Two Tupí-Guaraní languages played an important part in the Portuguese and Spanish colonisation of South America, Tupinambá on the Brazilian coast and Guaraní in colonial Paraguay. In the early 21st century, Guaraní is spoken by more than six million non-Indian people in Paraguay and in adjacent parts of Argentina and Brazil.

Tupí-Guaraní (TG) is an artificial term used by linguists to denominate the family composed by eight subgroups of languages, one of them being the Guaraní subgroup and the other one the extinct Tupinambá and its varieties.

Important phonological characteristics of Tupian languages are nasality and the occurrence of a high central vowel /ɨ/, a glottal stop /ʔ/, and final consonants, especially plosives in coda position. Nasality seems to be a common characteristic of all branches of the family. Most of them show phenomena such as nasal harmony, also called nasal assimilation or regressive nasalization by some scholars.
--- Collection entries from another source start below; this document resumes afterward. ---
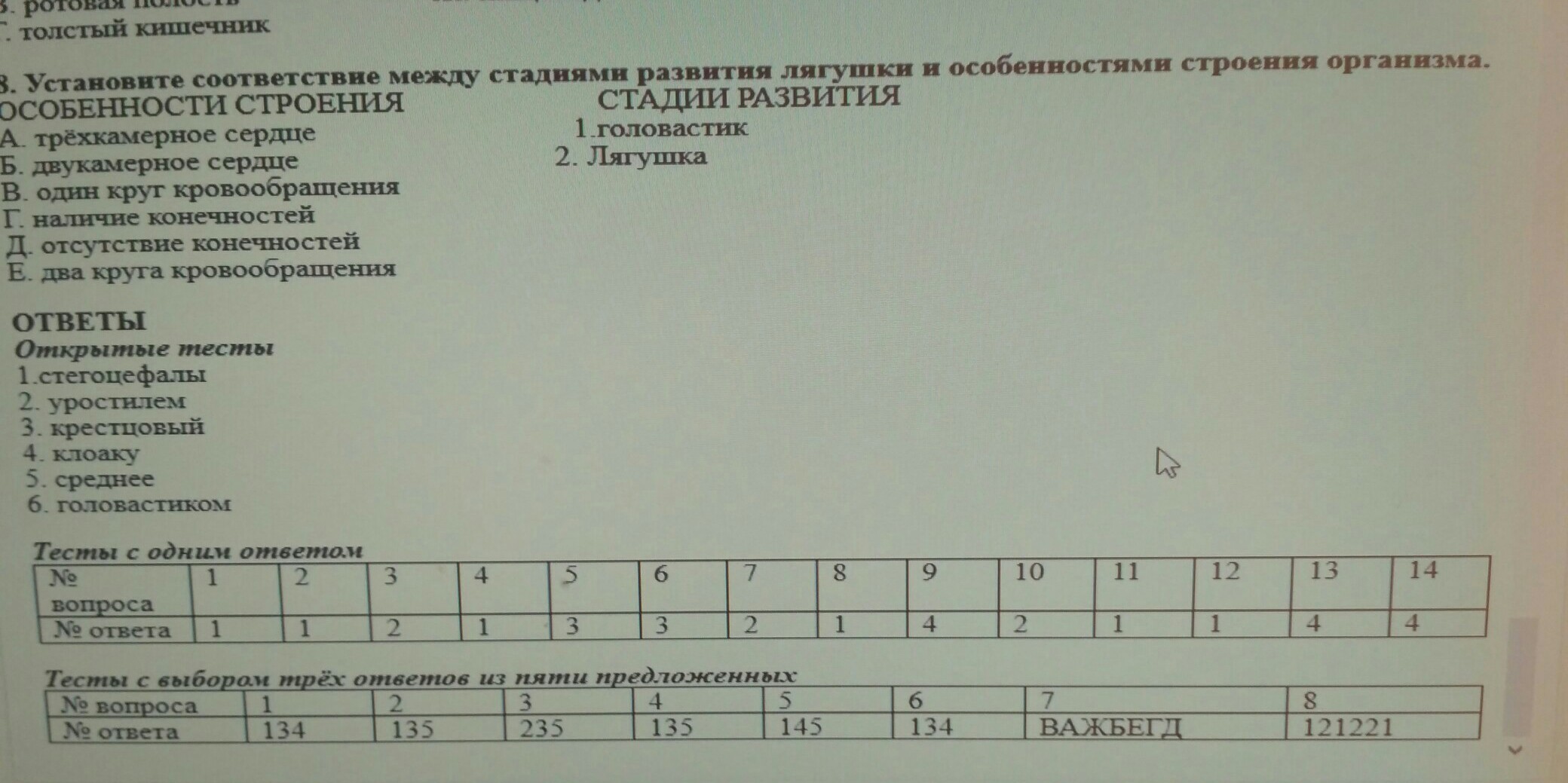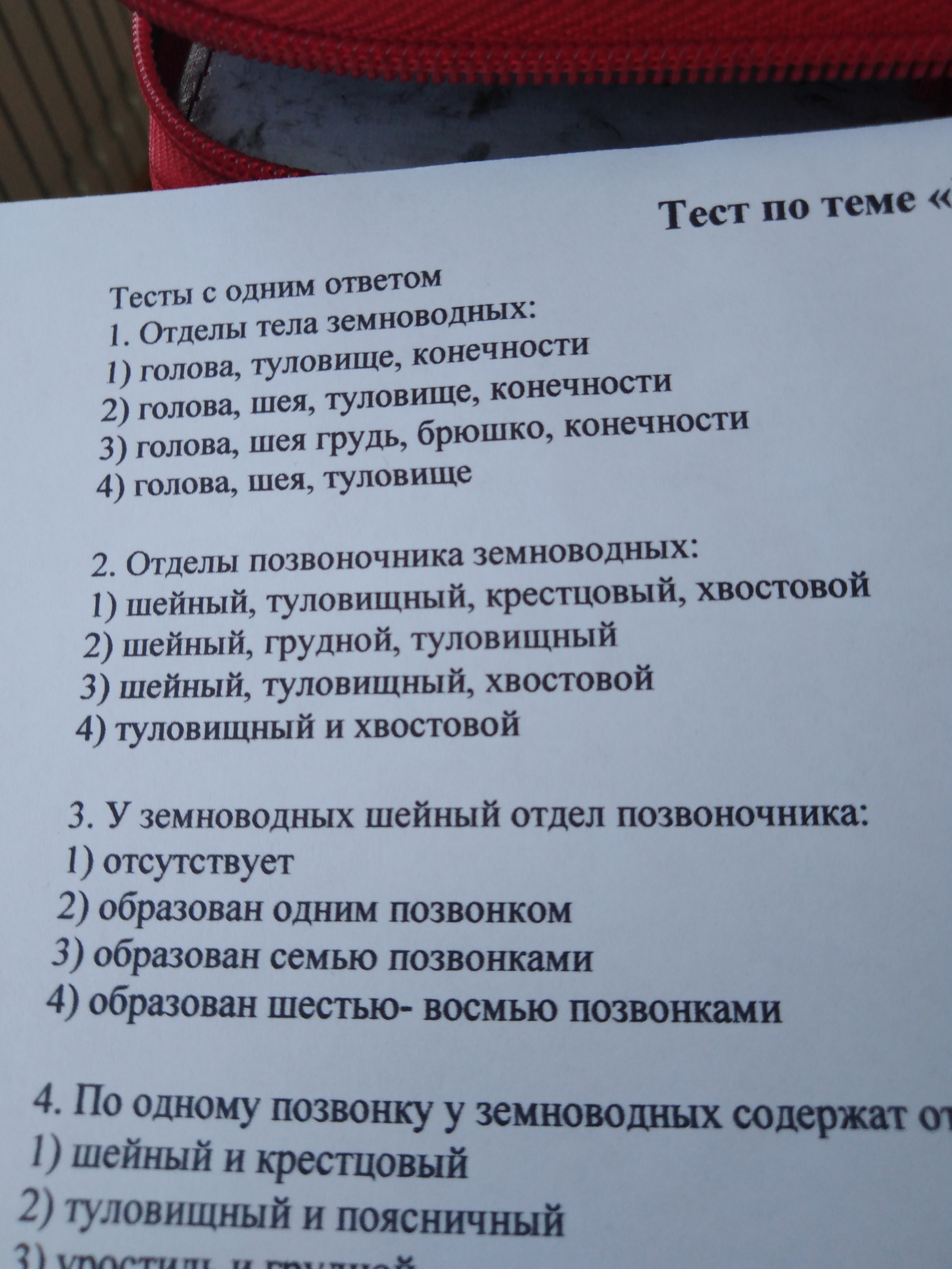1) 1 (у земноводных тело имеет 3 отдела: голову, туловище и конечности);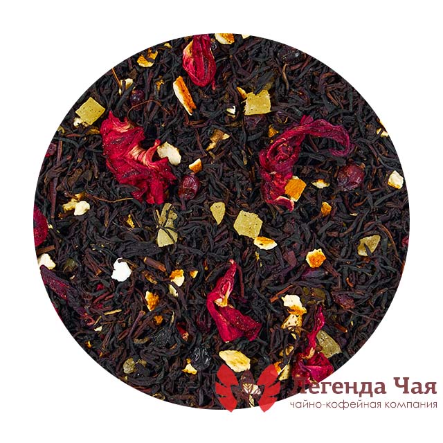 Кенийский черный чай, вишня сушеная, каркаде, корка апельсина, цукаты ананаса светлыеСпособ заваривания: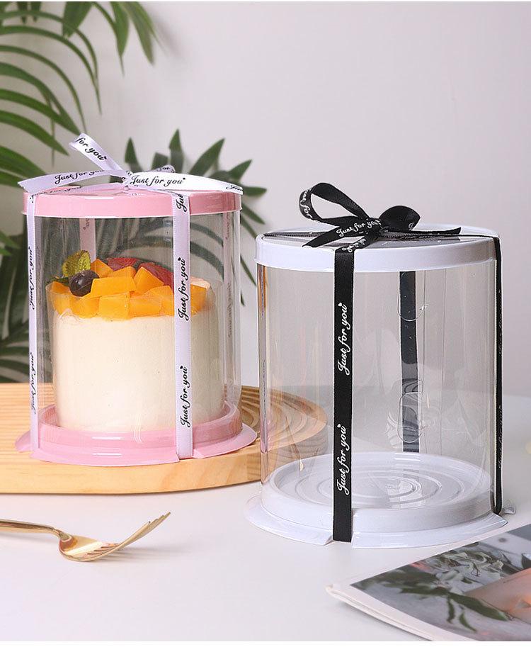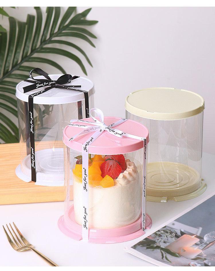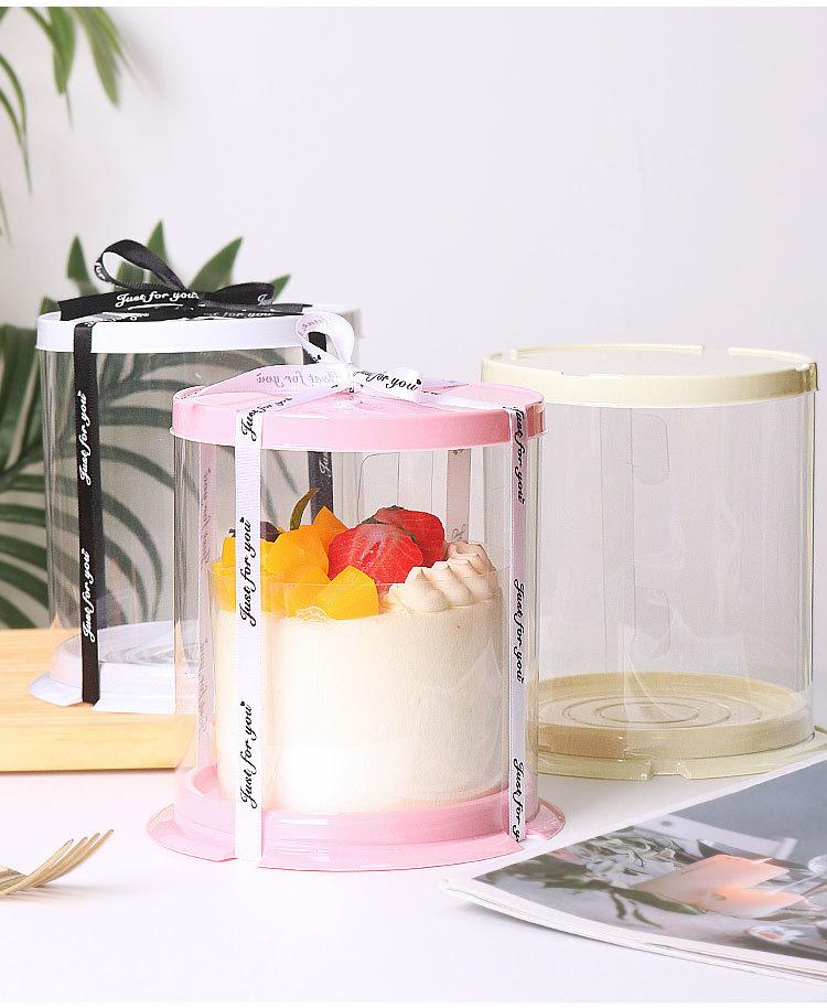 Caja Redonda Transparente para Pastel 4 pulgadas Sencilla Doble Capa Elevada 4 pulgadas Caja de Embalaje para Pastel de Cumpleaños Caja de Embalaje para Hornear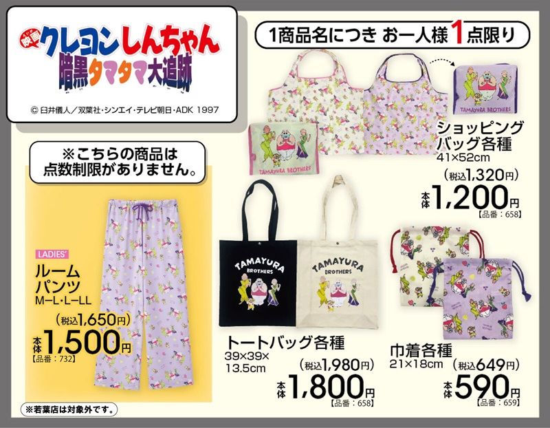 アベイル『映画クレヨンしんちゃん 暗黒タマタマ大追跡』コラボ!珠由良ブラザーズのルームパンツ、ショッピングバッグ、トートバッグ、巾着が2026/2/21より新発売!口コミ、売り切れ、入荷数、販売状況まとめ!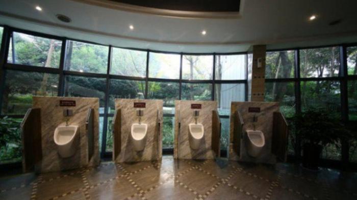 Nggak cukup sampai di situ, bagian paling mengesankan dari toilet umum berkelas ini adalah dinding kaca yang memungkinkan pengunjung menyaksikan tanaman hijau di luar, saat mereka sedang buang air.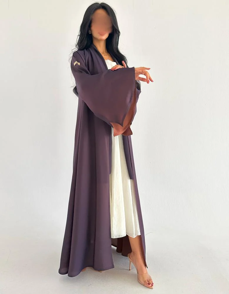 عباية عملية بلمسة أنثوية ناعمة، بلون توفيس موف الهادئ، وقصة كلوش بالكامل تضيف لك راحة وأناقة في نفس الوقت. مصممة خصيصاً لمشاويرك اليومية بأسلوب بسيط وراقي، مع أكمام كلوش واسعة تزيد من انسيابية الحركة وتكمل الإطلالة العملية الناعمة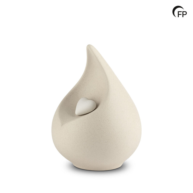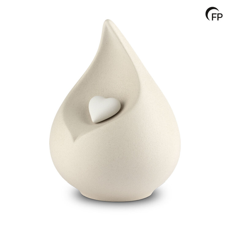 Diese stilvolle Tierurne aus hochwertigem Porzellan besticht durch ihre sanfte Tropfenform und klare Linienführung.
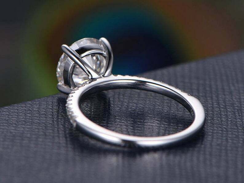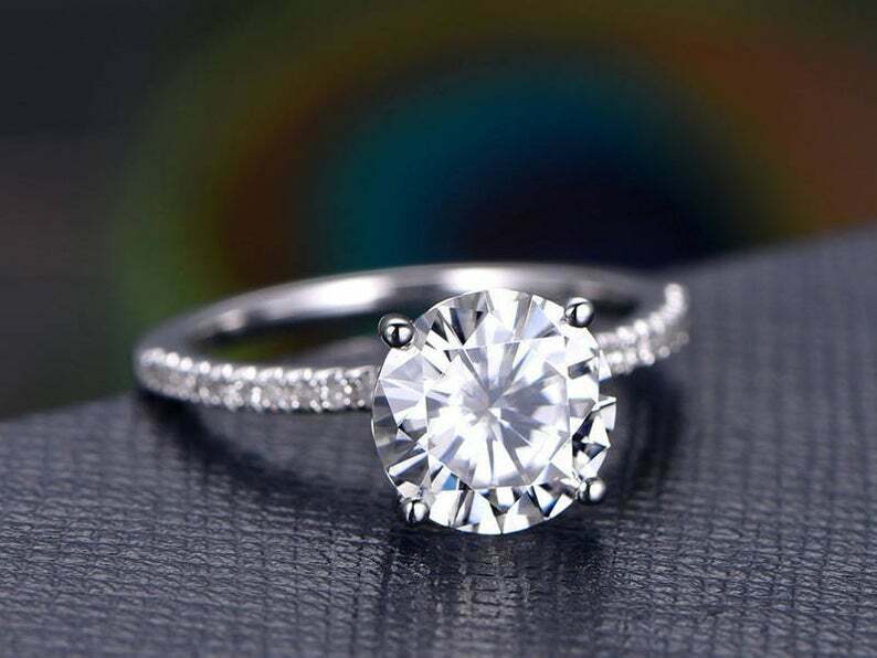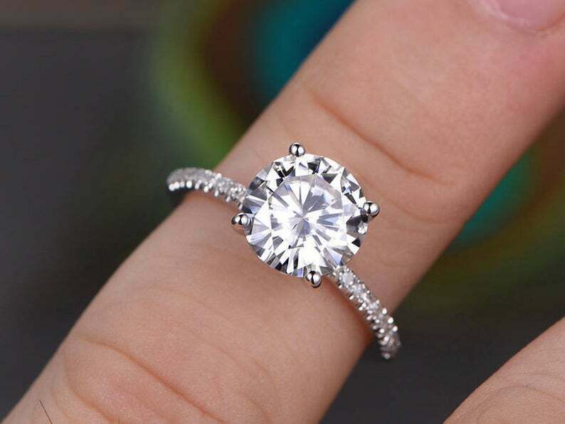 1.5ct Round Cut Diamond Engagement Ring Accents Solitaire 18k White Gold Finish

Tupian languages have a rich morphology expressed mainly by suffixes and prefixes, though particles are also important to express grammatical categories. Verbal morphology is characterized by generally rich devices of valence-changing formations. Relational inflection is one of the most striking phenomena of TG nominal phrases. It allows marking the determination of a noun by a preceding adjunct, its syntactical transformation into a nominal predicate, or the absence of any relation. Relational inflection partly occurs also in other branches and families than Tupí-Guaraní. Verbal person marking is realized by prefixing in most languages; some languages of the Tuparí and Juruna family, however, use only free pronouns.

Tupian syntax is based on the predication of both verbs and nouns. Subordinate clauses, such as relative clauses, are produced by nominalization, while adverbial clauses are formed by specific particles or postpositions on the predicate. Traditional word order is SOV.